En su funcionamiento, es muy importante el papel de los sensores, acelerómetros y giroscopios que le envían la información necesaria a la IMU.

Estos sistemas denominados Microelectromecánicos o MEMS no son una novedad ya que fueron creados en la década de los ‘80 y funcionan mediante “micropesas”, es decir, masas sísmicas.

Cuando la unidad MEMS percibe un movimiento, la inercia que reflejan estas pesas por permanecer en su sitio ofrece una información respecto al resto de la unidad. Dicho de una manera más simple: estos modelos realizan un pequeño movimiento microscópico cuando la moto acelera, inclina o frena.

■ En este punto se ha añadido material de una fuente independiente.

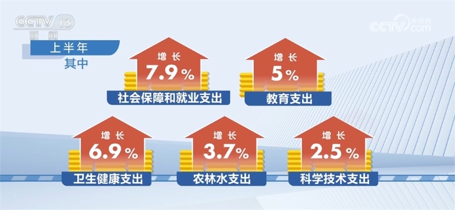 從支出看,上半年,全國一般公共預(yù)算支出133893億元,同比增長3.9%。其中,社會(huì)保障和就業(yè)支出增長7.9%,教育支出增長5%,衛(wèi)生健康支出增長6.9%,農(nóng)林水支出增長3.7%,科學(xué)技術(shù)支出增長2.5%,基本民生、鄉(xiāng)村振興、區(qū)域重大戰(zhàn)略、教育、科技攻關(guān)等重點(diǎn)支出得到有力保障。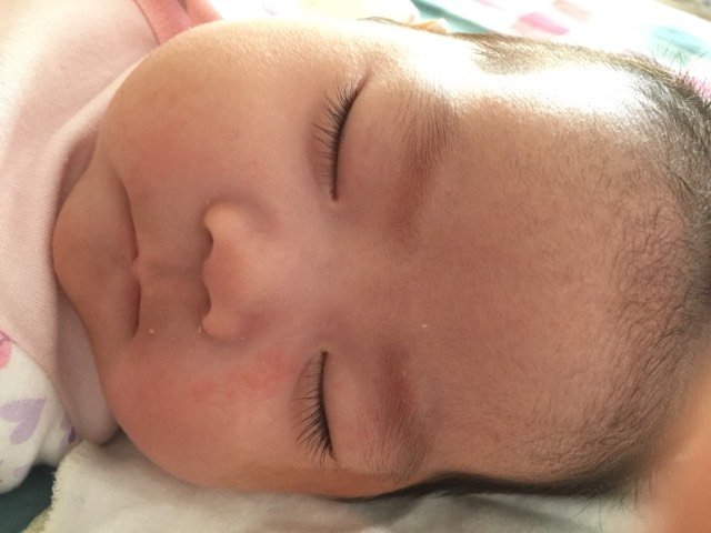 宝宝脸上有疹子摸起来有点硬,热时候就颜色深些,凉快下来颜色浅些 有扩散迹象 整个脸蛋都有点干皮肤粗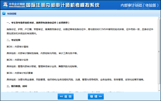 國(guó)際注冊(cè)內(nèi)部審計(jì)師無(wú)紙化模擬系統(tǒng)體驗(yàn)版現(xiàn)已開(kāi)通“考試系統(tǒng)”模塊!能夠模擬真實(shí)的考試環(huán)境。在考試開(kāi)始前有“考試提醒”和“考試介紹”等,做題中有倒計(jì)時(shí)顯示,題目可以進(jìn)行標(biāo)記,并區(qū)分已做題和未做題,便于考生在交卷前進(jìn)行檢查,以免遺漏。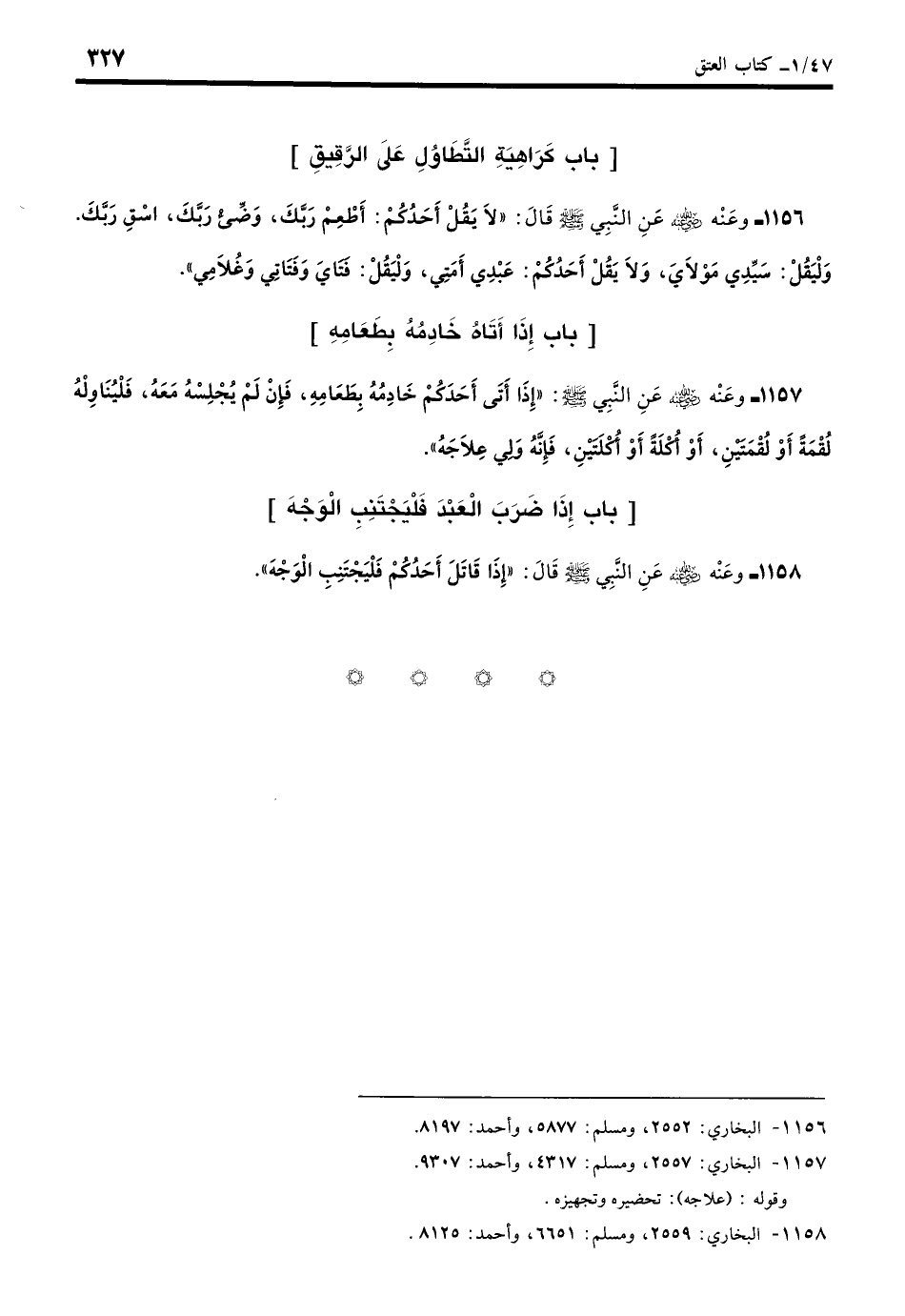 1156 - عَنْ أَبِي هُرَيْرَةَ - رضي الله عنه - عَنِ النَّبِيِّ - صلى الله عليه وسلم - أَنَّهُ قَالَ: «لا يَقُلْ أَحَدُكُمْ: أَطْعِمْ رَبَّكَ، وَضِّئْ رَبَّكَ، اسْقِ رَبَّكَ، وَلْيَقُلْ: سَيِّدِي، مَوْلايَ، وَلا يَقُلْ أَحَدُكُمْ: عَبْدِي، أَمَتِي، وَلْيَقُلْ: فَتَايَ، وَفَتَاتِي، وَغُلامِي». (بخاري: 2552)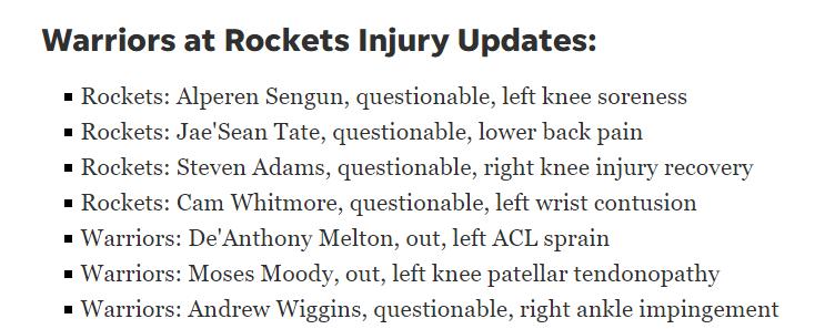 火箭:亚当斯,出战存疑,右膝伤势恢复;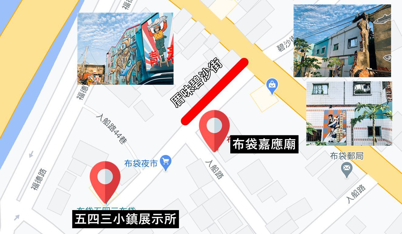 許多人對於布袋的映象都是高跟鞋教堂,不過似乎高跟鞋教堂還是無法滿足大老遠去濱海跑一趟的廣大群眾們,所以在2020年雲嘉南濱海國家風景區管理處就在「布袋五四三」故事館旁邊打造了一個有故事又有趣味的厝味碧沙街。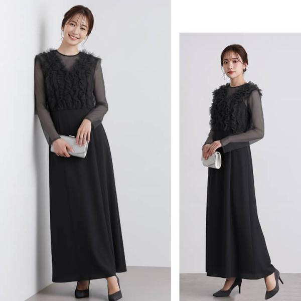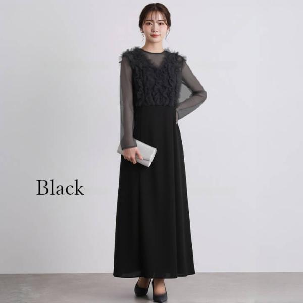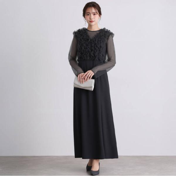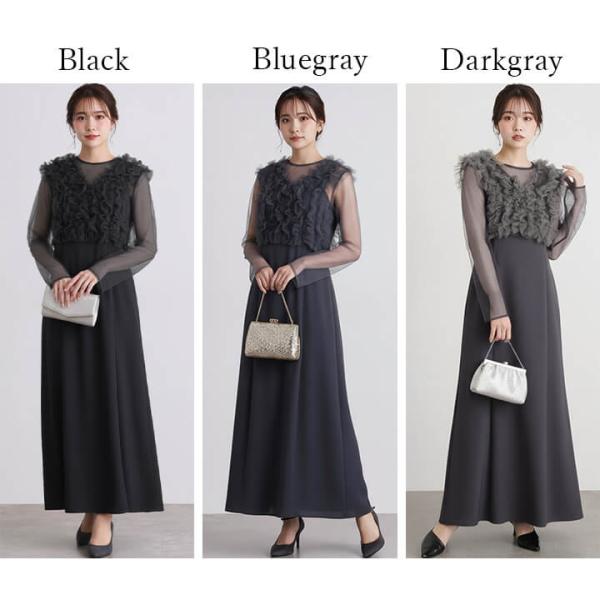 フォーマルドレス ワンピース パーティードレス ロング丈 ミモレ丈 レディース ドレス 3点セット セレモニードレス フェミニン 長袖 チュール フリル ycpt85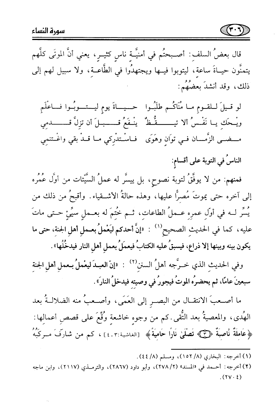 ويْحَكِ يا نَفْسُ ألا تيقُّظٌ. . . ينْفَعُ قبلَ أن تزِل قدمِي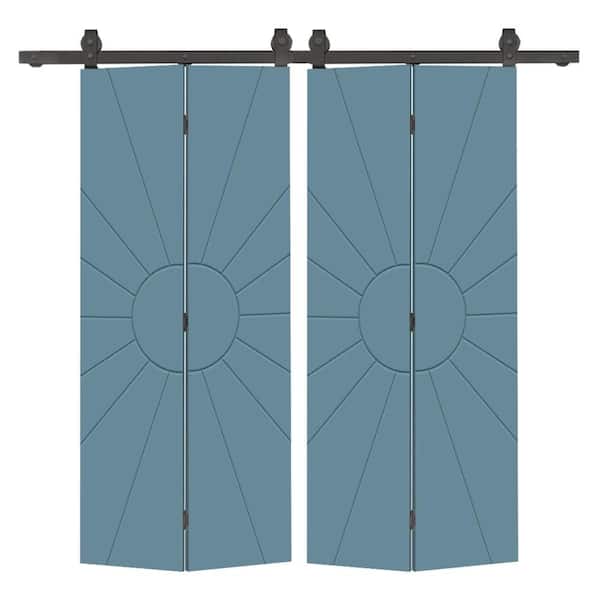 Sun 40 in. x 84 in. Dignity Blue Painted MDF Composite Bi-Fold Hollow Core Double Barn Door with Sliding Hardware Kit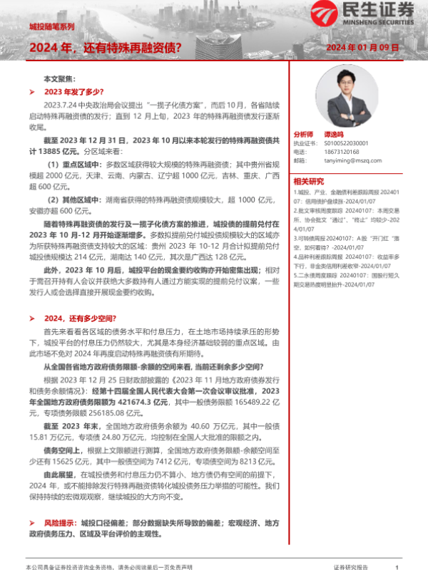 【民生证券】【20240109】城投随笔系列:2024年,还有特殊再融资债?-12页 行业研究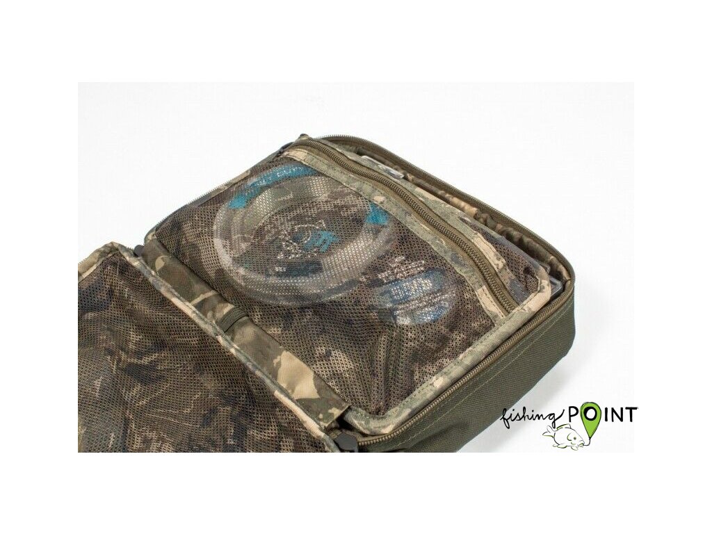 Jeden z nejoblíbenějších produktů Nash. Nyní je v camo vzoru s vylepšenými prvky a funkcemi. Otevřený design s velkým úložným síťovaným prostorem na zip, centrálním úložným prostorem a prostorem určeným pro uložení Medium tackle boxu. Středová přepážka nabízí 15 síťových kapes pro uspořádání všech Nash háčků a další bižuterie Nash. Dále zde najdete velkou kapsu na zip pro uložení PVA, pomůcek pro navazování návazců, značící fixy a cívky s vlasci. Jsou zde i dvě elastické smyčky pro uložení Vašich pomůcek pro broušení háčku Pinpoint Precision Sharpening File.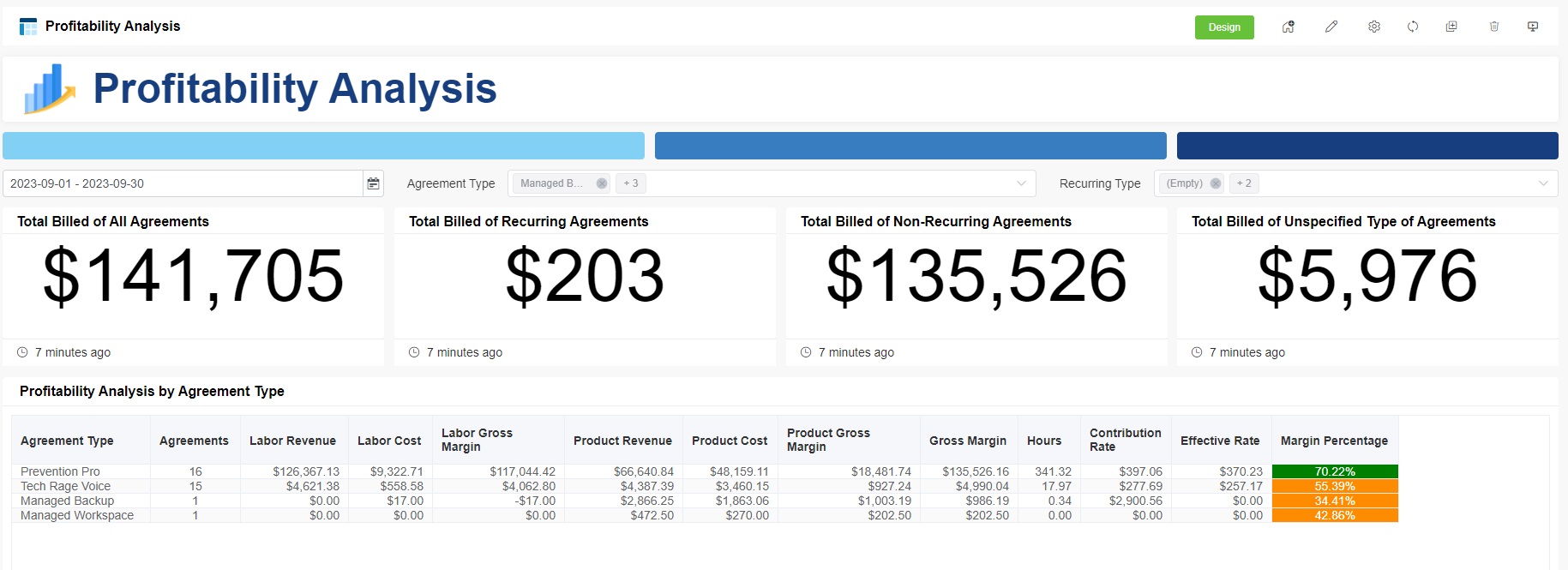 The Agreement Profitability by Company dashboard offers a detailed analysis of the profitability of all agreements organized by company during a specified time. Other than providing insights into financial performance, it also highlights crucial trends related to Margin Percentage, Contribution Rate, Total Billed by Recurring Type, and Total Actual Hours by Recurring Type. By examining these key profitability metrics, businesses can gain a comprehensive understanding of their financial health, enabling them to make informed decisions, optimize costs, and formulate strategies for revenue growth and enhanced profitability.

Así logra determinar qué tanto se movió la moto.

Estos datos son recogidos por una computadora que realiza cálculos en microsegundos para saber qué cantidad de capacidad de frenada otorgarle a la moto para evitar el deslizamiento de las ruedas.

En definitiva, como todo sistema ABS, éste no puede utilizarse más allá de los límites de lo razonable.

Un ABS no está diseñado para mejorar el potencial de frenada de un piloto experto, sino para ofrecer un colchón de seguridad que no puede superar los límites. Es decir, que vela más por la seguridad que por el rendimiento.